[Dataset excerpts]
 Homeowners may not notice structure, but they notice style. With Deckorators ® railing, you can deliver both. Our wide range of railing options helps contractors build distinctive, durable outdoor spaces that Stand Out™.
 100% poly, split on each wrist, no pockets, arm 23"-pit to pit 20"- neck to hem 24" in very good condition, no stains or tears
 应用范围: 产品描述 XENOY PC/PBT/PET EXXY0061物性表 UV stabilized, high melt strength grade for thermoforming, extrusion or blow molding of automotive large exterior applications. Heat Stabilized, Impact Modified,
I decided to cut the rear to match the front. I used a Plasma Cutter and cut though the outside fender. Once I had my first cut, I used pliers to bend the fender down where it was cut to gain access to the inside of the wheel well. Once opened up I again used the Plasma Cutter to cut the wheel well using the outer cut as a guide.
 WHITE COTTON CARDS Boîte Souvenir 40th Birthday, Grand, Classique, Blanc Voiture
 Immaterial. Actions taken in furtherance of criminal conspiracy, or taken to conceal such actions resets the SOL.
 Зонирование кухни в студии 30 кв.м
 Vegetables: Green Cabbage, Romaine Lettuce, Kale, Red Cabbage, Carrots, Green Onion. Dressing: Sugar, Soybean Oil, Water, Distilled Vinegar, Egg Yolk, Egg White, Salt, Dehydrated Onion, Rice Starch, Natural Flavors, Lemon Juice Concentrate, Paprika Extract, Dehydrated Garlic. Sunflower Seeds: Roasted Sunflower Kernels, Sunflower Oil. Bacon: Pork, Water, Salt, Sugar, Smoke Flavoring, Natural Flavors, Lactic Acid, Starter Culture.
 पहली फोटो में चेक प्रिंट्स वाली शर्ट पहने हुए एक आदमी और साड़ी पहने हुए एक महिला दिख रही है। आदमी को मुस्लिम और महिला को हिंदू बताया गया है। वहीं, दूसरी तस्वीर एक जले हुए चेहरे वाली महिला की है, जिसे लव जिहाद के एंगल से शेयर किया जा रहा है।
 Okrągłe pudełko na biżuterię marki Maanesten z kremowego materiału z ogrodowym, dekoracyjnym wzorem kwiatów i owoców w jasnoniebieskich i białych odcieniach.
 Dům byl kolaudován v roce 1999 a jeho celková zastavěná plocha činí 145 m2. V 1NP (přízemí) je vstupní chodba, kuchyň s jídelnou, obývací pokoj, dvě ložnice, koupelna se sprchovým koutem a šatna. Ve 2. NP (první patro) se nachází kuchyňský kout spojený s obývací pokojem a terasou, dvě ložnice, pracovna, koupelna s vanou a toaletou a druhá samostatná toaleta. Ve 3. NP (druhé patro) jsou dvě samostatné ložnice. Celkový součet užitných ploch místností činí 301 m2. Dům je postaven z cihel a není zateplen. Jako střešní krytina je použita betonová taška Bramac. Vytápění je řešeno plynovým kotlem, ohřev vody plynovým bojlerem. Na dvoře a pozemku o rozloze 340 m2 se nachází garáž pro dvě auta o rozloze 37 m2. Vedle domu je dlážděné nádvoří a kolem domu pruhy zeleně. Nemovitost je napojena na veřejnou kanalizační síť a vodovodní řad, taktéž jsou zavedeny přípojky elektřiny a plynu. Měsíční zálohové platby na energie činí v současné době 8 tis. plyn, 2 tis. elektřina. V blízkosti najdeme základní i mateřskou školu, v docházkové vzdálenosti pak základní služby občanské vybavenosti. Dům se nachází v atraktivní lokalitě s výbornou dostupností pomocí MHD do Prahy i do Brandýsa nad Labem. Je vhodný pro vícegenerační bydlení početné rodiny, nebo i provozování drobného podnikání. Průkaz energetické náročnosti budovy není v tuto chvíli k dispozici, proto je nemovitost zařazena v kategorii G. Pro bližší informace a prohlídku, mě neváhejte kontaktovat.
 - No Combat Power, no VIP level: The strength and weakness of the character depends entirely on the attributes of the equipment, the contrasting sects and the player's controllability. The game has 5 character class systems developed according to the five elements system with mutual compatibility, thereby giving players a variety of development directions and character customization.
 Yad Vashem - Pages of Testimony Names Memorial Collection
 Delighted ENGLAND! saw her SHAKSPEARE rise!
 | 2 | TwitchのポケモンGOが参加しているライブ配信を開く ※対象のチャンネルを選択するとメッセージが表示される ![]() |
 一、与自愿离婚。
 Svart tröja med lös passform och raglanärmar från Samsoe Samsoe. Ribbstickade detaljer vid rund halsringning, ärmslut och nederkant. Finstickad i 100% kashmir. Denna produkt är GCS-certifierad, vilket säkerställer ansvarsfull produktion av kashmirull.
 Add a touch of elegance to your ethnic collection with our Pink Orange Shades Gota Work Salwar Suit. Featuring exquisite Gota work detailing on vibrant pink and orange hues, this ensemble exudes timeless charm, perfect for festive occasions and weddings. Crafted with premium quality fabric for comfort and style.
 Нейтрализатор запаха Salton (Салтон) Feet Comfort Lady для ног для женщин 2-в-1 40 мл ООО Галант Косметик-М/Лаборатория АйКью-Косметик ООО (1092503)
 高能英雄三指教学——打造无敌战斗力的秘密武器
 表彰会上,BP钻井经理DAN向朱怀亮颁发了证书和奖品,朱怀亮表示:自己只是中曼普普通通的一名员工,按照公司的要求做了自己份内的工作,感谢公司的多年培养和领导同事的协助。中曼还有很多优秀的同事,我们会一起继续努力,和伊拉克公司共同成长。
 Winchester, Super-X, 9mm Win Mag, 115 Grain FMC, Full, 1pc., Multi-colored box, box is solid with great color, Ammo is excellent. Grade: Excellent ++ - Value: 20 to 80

(WHAT THE TASK ASKS)
Each line above must be output exactly as it stands.

(ANSWER TO THE EXERCISE)
 Homeowners may not notice structure, but they notice style. With Deckorators ® railing, you can deliver both. Our wide range of railing options helps contractors build distinctive, durable outdoor spaces that Stand Out™.
 100% poly, split on each wrist, no pockets, arm 23"-pit to pit 20"- neck to hem 24" in very good condition, no stains or tears
 应用范围: 产品描述 XENOY PC/PBT/PET EXXY0061物性表 UV stabilized, high melt strength grade for thermoforming, extrusion or blow molding of automotive large exterior applications. Heat Stabilized, Impact Modified,
I decided to cut the rear to match the front. I used a Plasma Cutter and cut though the outside fender. Once I had my first cut, I used pliers to bend the fender down where it was cut to gain access to the inside of the wheel well. Once opened up I again used the Plasma Cutter to cut the wheel well using the outer cut as a guide.
 WHITE COTTON CARDS Boîte Souvenir 40th Birthday, Grand, Classique, Blanc Voiture
 Immaterial. Actions taken in furtherance of criminal conspiracy, or taken to conceal such actions resets the SOL.
 Зонирование кухни в студии 30 кв.м
 Vegetables: Green Cabbage, Romaine Lettuce, Kale, Red Cabbage, Carrots, Green Onion. Dressing: Sugar, Soybean Oil, Water, Distilled Vinegar, Egg Yolk, Egg White, Salt, Dehydrated Onion, Rice Starch, Natural Flavors, Lemon Juice Concentrate, Paprika Extract, Dehydrated Garlic. Sunflower Seeds: Roasted Sunflower Kernels, Sunflower Oil. Bacon: Pork, Water, Salt, Sugar, Smoke Flavoring, Natural Flavors, Lactic Acid, Starter Culture.
 पहली फोटो में चेक प्रिंट्स वाली शर्ट पहने हुए एक आदमी और साड़ी पहने हुए एक महिला दिख रही है। आदमी को मुस्लिम और महिला को हिंदू बताया गया है। वहीं, दूसरी तस्वीर एक जले हुए चेहरे वाली महिला की है, जिसे लव जिहाद के एंगल से शेयर किया जा रहा है।
 Okrągłe pudełko na biżuterię marki Maanesten z kremowego materiału z ogrodowym, dekoracyjnym wzorem kwiatów i owoców w jasnoniebieskich i białych odcieniach.
 Dům byl kolaudován v roce 1999 a jeho celková zastavěná plocha činí 145 m2. V 1NP (přízemí) je vstupní chodba, kuchyň s jídelnou, obývací pokoj, dvě ložnice, koupelna se sprchovým koutem a šatna. Ve 2. NP (první patro) se nachází kuchyňský kout spojený s obývací pokojem a terasou, dvě ložnice, pracovna, koupelna s vanou a toaletou a druhá samostatná toaleta. Ve 3. NP (druhé patro) jsou dvě samostatné ložnice. Celkový součet užitných ploch místností činí 301 m2. Dům je postaven z cihel a není zateplen. Jako střešní krytina je použita betonová taška Bramac. Vytápění je řešeno plynovým kotlem, ohřev vody plynovým bojlerem. Na dvoře a pozemku o rozloze 340 m2 se nachází garáž pro dvě auta o rozloze 37 m2. Vedle domu je dlážděné nádvoří a kolem domu pruhy zeleně. Nemovitost je napojena na veřejnou kanalizační síť a vodovodní řad, taktéž jsou zavedeny přípojky elektřiny a plynu. Měsíční zálohové platby na energie činí v současné době 8 tis. plyn, 2 tis. elektřina. V blízkosti najdeme základní i mateřskou školu, v docházkové vzdálenosti pak základní služby občanské vybavenosti. Dům se nachází v atraktivní lokalitě s výbornou dostupností pomocí MHD do Prahy i do Brandýsa nad Labem. Je vhodný pro vícegenerační bydlení početné rodiny, nebo i provozování drobného podnikání. Průkaz energetické náročnosti budovy není v tuto chvíli k dispozici, proto je nemovitost zařazena v kategorii G. Pro bližší informace a prohlídku, mě neváhejte kontaktovat.
 - No Combat Power, no VIP level: The strength and weakness of the character depends entirely on the attributes of the equipment, the contrasting sects and the player's controllability. The game has 5 character class systems developed according to the five elements system with mutual compatibility, thereby giving players a variety of development directions and character customization.
 Yad Vashem - Pages of Testimony Names Memorial Collection
 Delighted ENGLAND! saw her SHAKSPEARE rise!
 | 2 | TwitchのポケモンGOが参加しているライブ配信を開く ※対象のチャンネルを選択するとメッセージが表示される ![]() |
 一、与自愿离婚。
 Svart tröja med lös passform och raglanärmar från Samsoe Samsoe. Ribbstickade detaljer vid rund halsringning, ärmslut och nederkant. Finstickad i 100% kashmir. Denna produkt är GCS-certifierad, vilket säkerställer ansvarsfull produktion av kashmirull.
 Add a touch of elegance to your ethnic collection with our Pink Orange Shades Gota Work Salwar Suit. Featuring exquisite Gota work detailing on vibrant pink and orange hues, this ensemble exudes timeless charm, perfect for festive occasions and weddings. Crafted with premium quality fabric for comfort and style.
 Нейтрализатор запаха Salton (Салтон) Feet Comfort Lady для ног для женщин 2-в-1 40 мл ООО Галант Косметик-М/Лаборатория АйКью-Косметик ООО (1092503)
 高能英雄三指教学——打造无敌战斗力的秘密武器
 表彰会上,BP钻井经理DAN向朱怀亮颁发了证书和奖品,朱怀亮表示:自己只是中曼普普通通的一名员工,按照公司的要求做了自己份内的工作,感谢公司的多年培养和领导同事的协助。中曼还有很多优秀的同事,我们会一起继续努力,和伊拉克公司共同成长。
 Winchester, Super-X, 9mm Win Mag, 115 Grain FMC, Full, 1pc., Multi-colored box, box is solid with great color, Ammo is excellent. Grade: Excellent ++ - Value: 20 to 80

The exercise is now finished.